Exercise data:
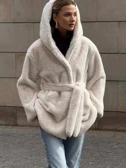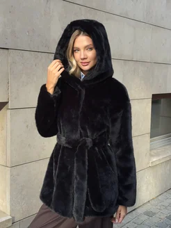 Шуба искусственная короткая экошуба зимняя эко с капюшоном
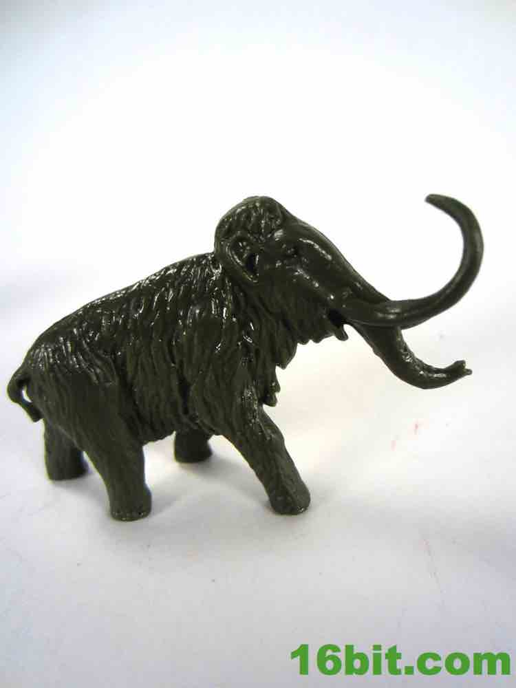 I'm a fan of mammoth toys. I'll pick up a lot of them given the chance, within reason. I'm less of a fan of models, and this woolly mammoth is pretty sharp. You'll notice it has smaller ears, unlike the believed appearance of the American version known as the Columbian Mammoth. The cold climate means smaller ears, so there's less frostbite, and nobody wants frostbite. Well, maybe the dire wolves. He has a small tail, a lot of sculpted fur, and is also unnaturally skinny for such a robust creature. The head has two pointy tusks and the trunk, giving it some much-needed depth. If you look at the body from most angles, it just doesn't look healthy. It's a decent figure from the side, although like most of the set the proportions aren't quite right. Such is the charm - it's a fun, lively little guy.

---

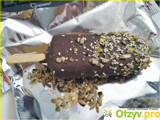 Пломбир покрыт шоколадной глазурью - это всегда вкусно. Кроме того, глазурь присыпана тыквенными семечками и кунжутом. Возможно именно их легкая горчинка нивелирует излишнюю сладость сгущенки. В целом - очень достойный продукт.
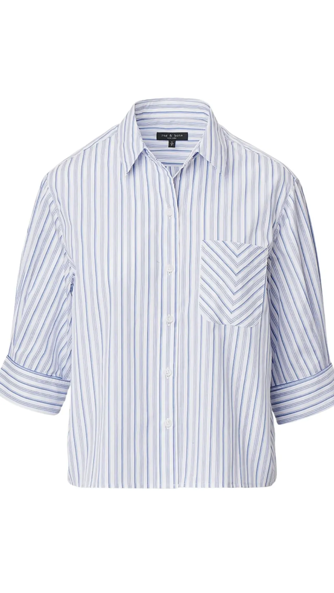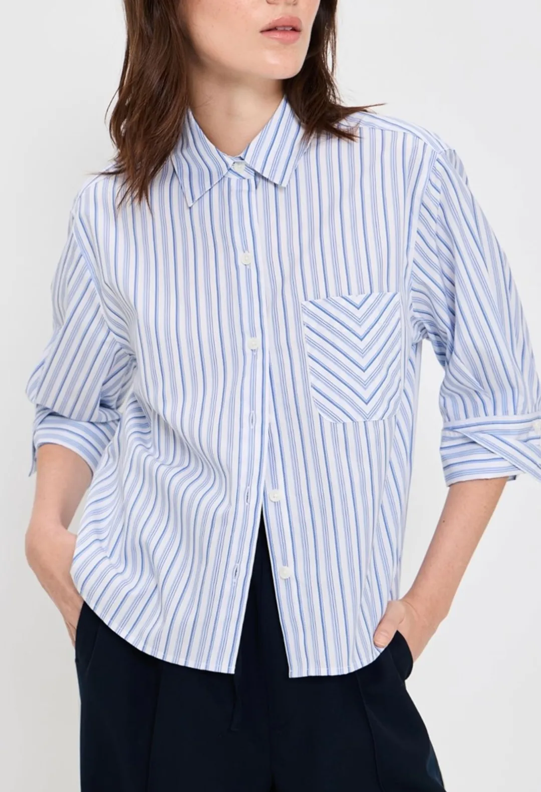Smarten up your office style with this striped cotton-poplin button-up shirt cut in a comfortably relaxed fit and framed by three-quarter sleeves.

--

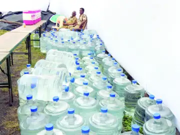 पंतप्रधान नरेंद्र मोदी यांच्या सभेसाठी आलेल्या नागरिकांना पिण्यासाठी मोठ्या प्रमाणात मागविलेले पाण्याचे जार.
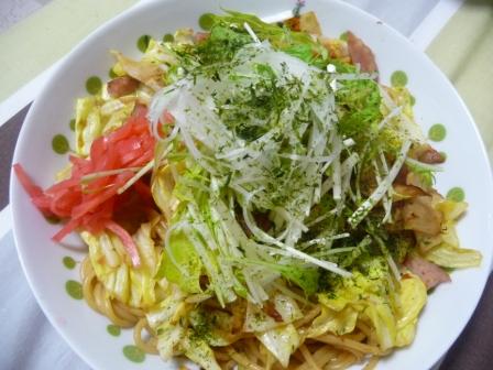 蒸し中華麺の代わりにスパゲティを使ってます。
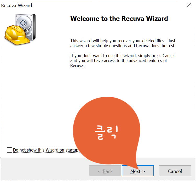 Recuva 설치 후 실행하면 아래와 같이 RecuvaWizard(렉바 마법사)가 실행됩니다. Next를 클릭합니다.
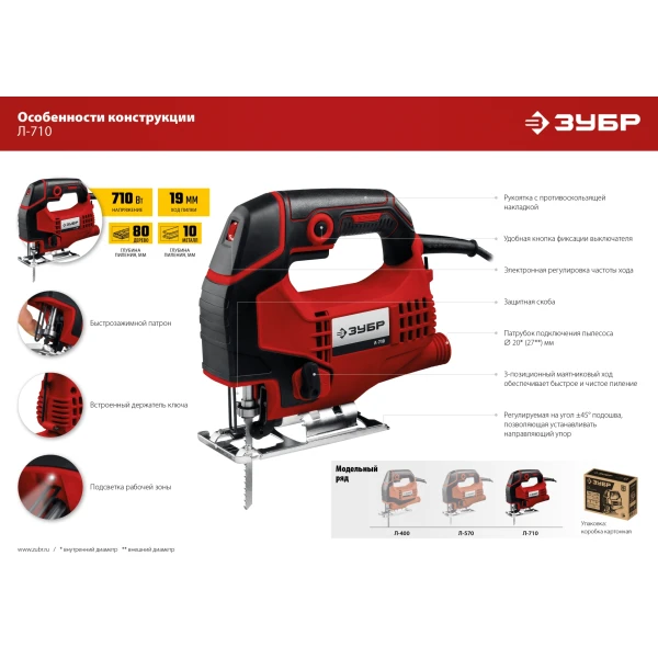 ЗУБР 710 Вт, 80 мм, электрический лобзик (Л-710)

Problem to work on: Exact repeat of the material above: every line from the one with "蒸し中華麺の代わりにスパゲティを使ってます。" through the one with "ЗУБР 710 Вт, 80", endpoints included, and nothing more. No pictures.

Written response:
 蒸し中華麺の代わりにスパゲティを使ってます。
 Recuva 설치 후 실행하면 아래와 같이 RecuvaWizard(렉바 마법사)가 실행됩니다. Next를 클릭합니다.
 ЗУБР 710 Вт, 80 мм, электрический лобзик (Л-710)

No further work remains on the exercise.